FileSystems/Data Storage

Where can I store my data?

Your home directory is accessible via $HOME. Each user gets a standard quota of 50 Gigabytes and quota extensions are not possible.

Additional storage is accessible via $HPCVAULT. Here, the default quota for each user is 500 Gigabytes.

The recommended work directory is accessible via $WORK. The standard quota for each user is 500 Gigabytes.

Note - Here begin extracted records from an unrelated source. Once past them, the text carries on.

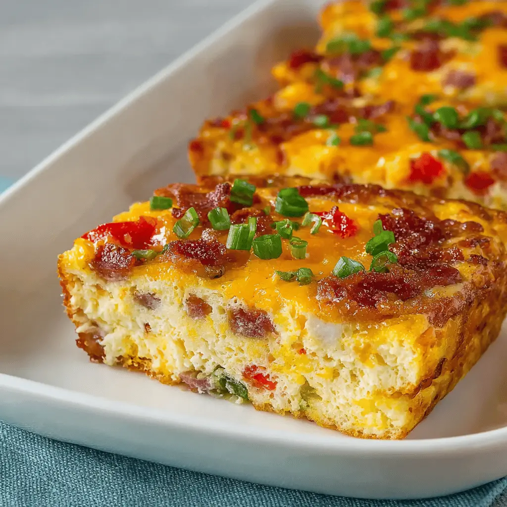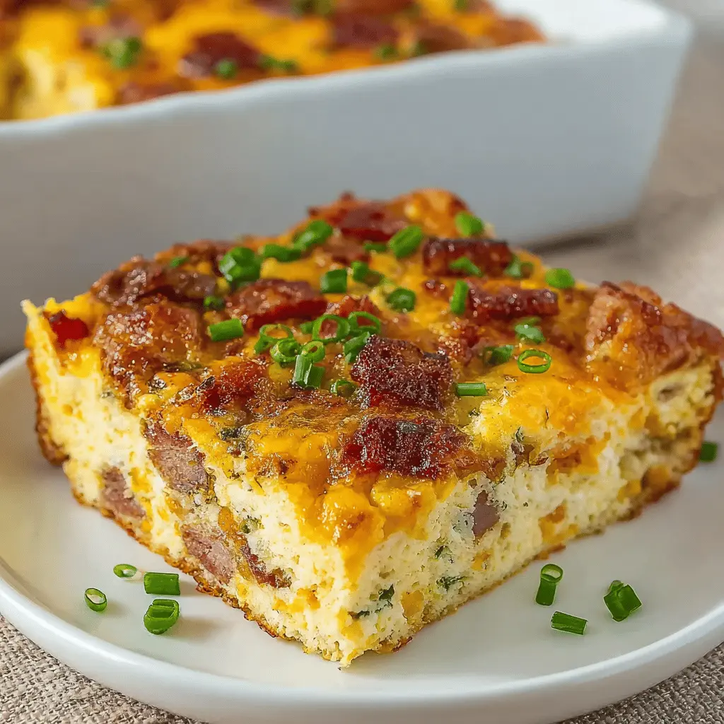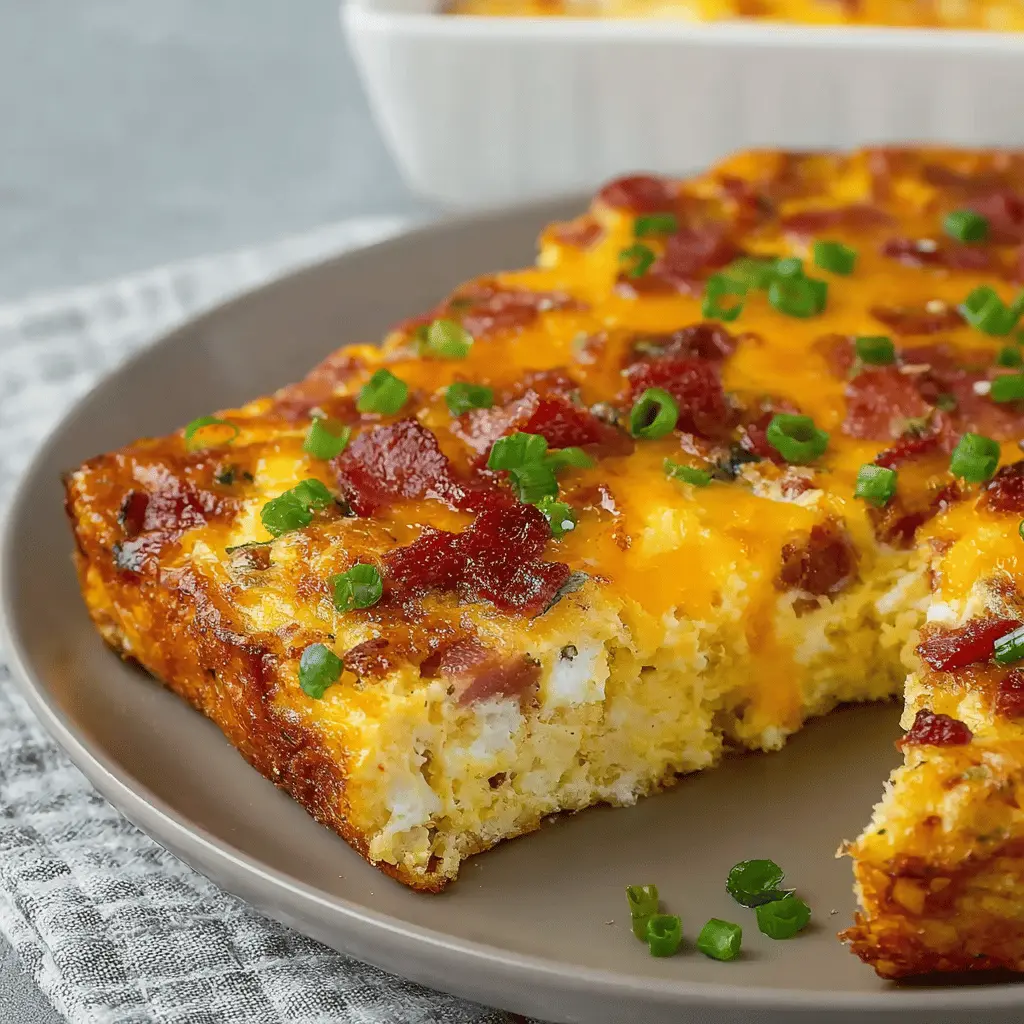A delicious breakfast casserole featuring cheese and turkey bacon, perfect for family gatherings.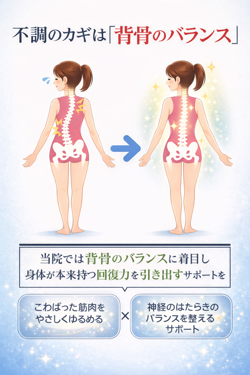 背骨と神経を整えることで、身体は少しずつ回復しやすい状態に変わっていきます。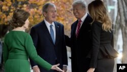 پرزیدنت ترامپ و ملانیا بانوی اول آمریکا روز سه شنبه به دیدار جورج بوش پسر و همسرش لارا بوش، که برای برگزاری مراسم یادبود جورج هربرت واکر بوش در واشنگتن هستند، رفتند. رئیس جمهوری آمریکا و همسرش با جورج بوش و همسرش در بلر هاوس، اقامتگاه رسمی مهمانان رئیس جمهوری دیدار کردند.

All three directories ($HOME, $HPCVAULT and $WORK) are available throughout our HPC systems.

We recommend you use the aforementioned variables in your jobscripts and not rely on the specific paths as this may change over time, i.e. when directories are relocated to a different NFS server.

Job-specific storage (either located in main memory [RAM disk] or, if available, local HDD / SDD) is accessible via $TMPDIR and always node-local. Size differs between clusters and is only available during job lifetime. Data is flushed after the job finishes!

Some of our clusters have a local parallel filesystem for high performance short-term storage that is accessible via $FASTTMP. These filesystems are specific to the clusters and not available on other clusters. This type of storage is not suitable for programs such as MD simulations that have quite high output rates!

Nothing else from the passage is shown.